Monk and Ham traded somewhat startled expressions.

“Johnny” was William Harper Littlejohn, a geologist and archaeologist who had few superiors in ability. In the Great War Johnny had lost the use of his left eye.

It was to return the use of that eye that Doc had to-night performed a great surgical operation. Some individuals wondered why Doc, with his tremendous ability of a surgeon, had not earlier operated on that eye.

The fact was that Doc had been waiting for years in order that certain delicate muscles and nerves might strengthen sufficiently to withstand the operation.

Ham and Monk were astounded to realize that Johnny had quit the hospital so soon after his operation. The fact that he had, was no mean tribute to Doc’s fabulous skill.

“How’s the eye feel, Johnny?” Doc asked.

“Great!” Johnny said.

“O.K.,” Doc told him. “Go to bed. Put Long Tom or Renny on the wire.”

“Listen, Doc, if there’s some excitement afoot, I ain’t agoin’ to miss——”

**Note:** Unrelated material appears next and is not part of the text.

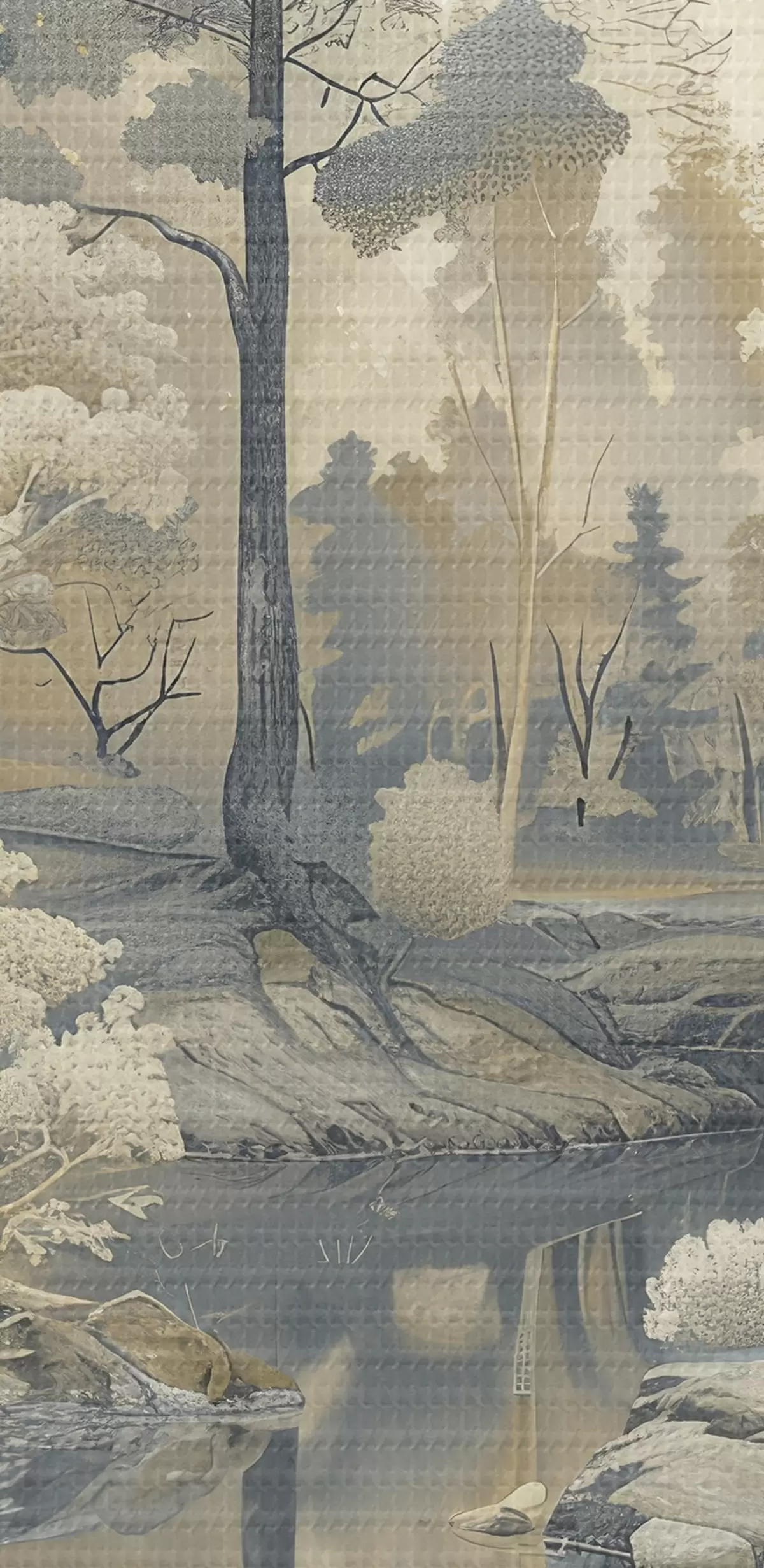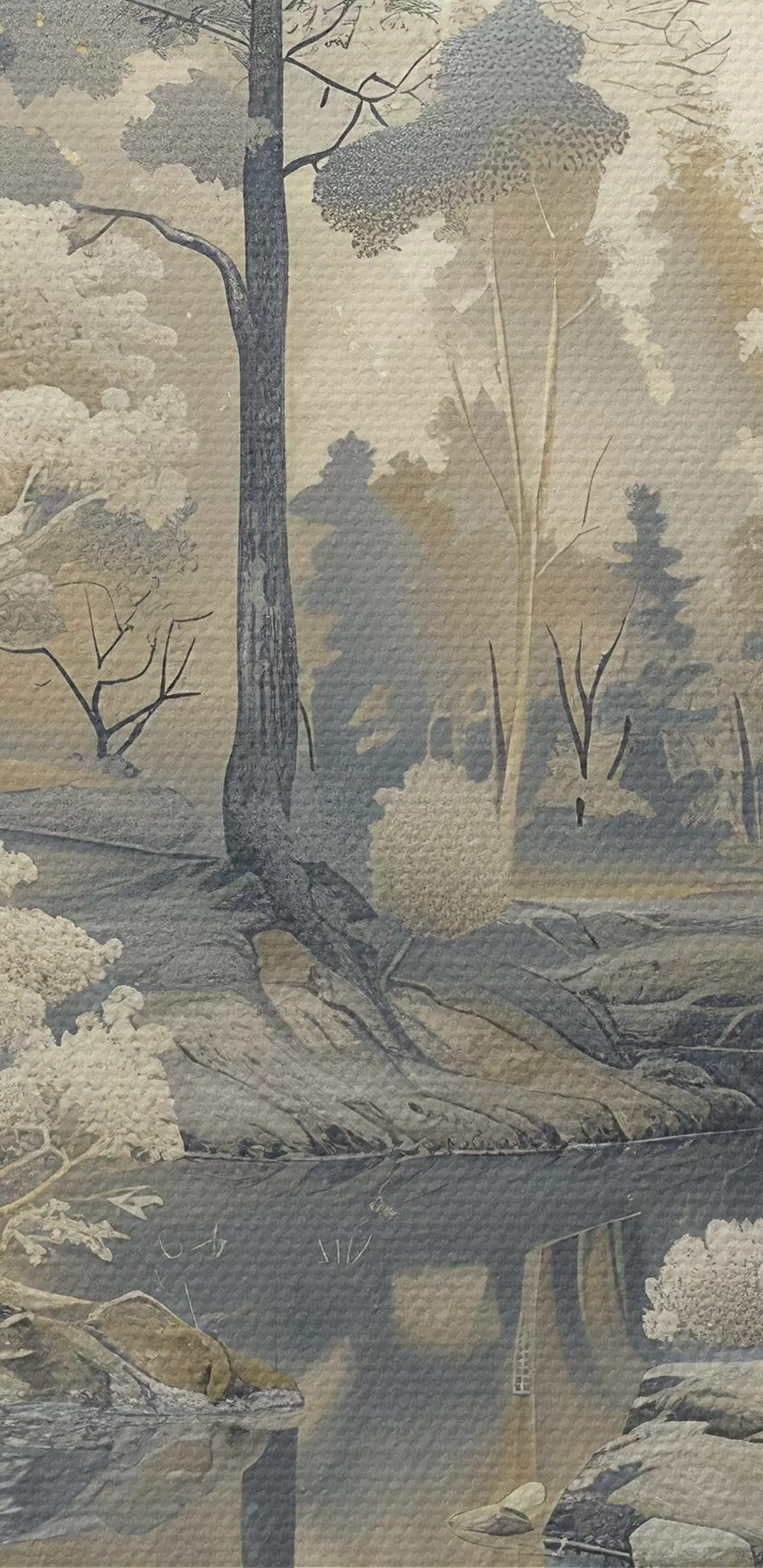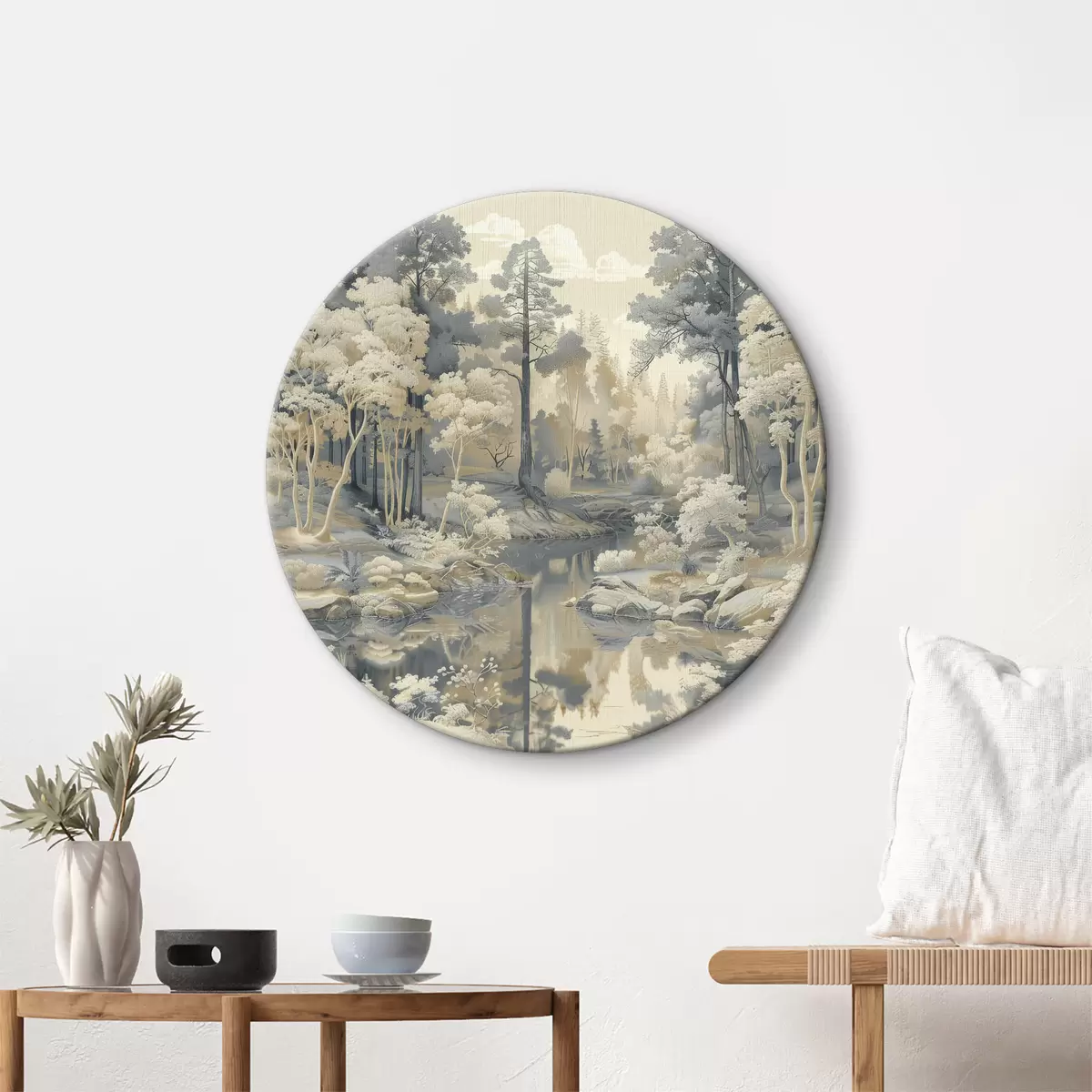 Okrągły obraz Krajobraz leśny, kolory monochromatyczne, drzewa, staw, delikatne pastele Nr r39974

“Hit the hay!” Doc ordered. “It’s a few days’ rest for you, and no argument.”

“Well, all right,” Johnny grumbled. “Here’s Renny.”

A moment later the receiver in Doc’s fist seemed about to fly to pieces under the impact of a great, roaring voice. It was as if a small lion had awakened in the receiver.

The tremendous tone belonged to Colonel John Renwick. “Renny” was famed for two things: He was a great engineer, and he had two incredibly huge and hard fists, with which, he boasted, he could knock the panel out of any wooden door.

“Renny, you and Long Tom drop over by my garage and pile into one of the cars,” Doc directed. “Then drive on up here to this shack Ham calls home.”

“Something up?” Renny thundered.

“There is,” Doc told him.

Doc had been speaking in a loud, distinct voice. Now, he suddenly switched to a low tone which hardly vibrated the transmitter—and he spoke in the strange-sounding Mayan language.

“You men may be kidnaped on the way up,” Doc said in Mayan. “Let yourselves be snatched, and try to pump your captors. I’d like very much to know what’s on their minds.”

Doc Savage hung up the receiver. He stood beside the phone for several seconds. The cold winter wind howled faintly outside. Occasionally there were faint, clicking sounds against the window glass. These were made by wind-driven snowflakes.

As if he had been waiting for a certain length of time to pass, Doc came to life. He walked to the bedroom door, threw it open. He said nothing.

But not so Monk, who was at his elbow.

“Hey!” Monk bawled. “She’s gone!”

The girl in gold was nowhere in evidence. The gaping corridor door advertised her parting route.

Monk started forward, as if in pursuit.

Doc stopped him. “Wait. Let her go.”

A great understanding dawned on Monk. He gulped: “You gave her something which brought her out of that unconsciousness in a hurry. You figured she would overhear your phone conversation and then make a break.”

Ham grinned, flourishing his sword cane. “You even unlocked the door for her.”

“But what was the idea?” Monk demanded.

“You will recall,” Doc explained, “that she made a statement about seizing our friends.”

“And you made the way easy for her,” Monk chuckled.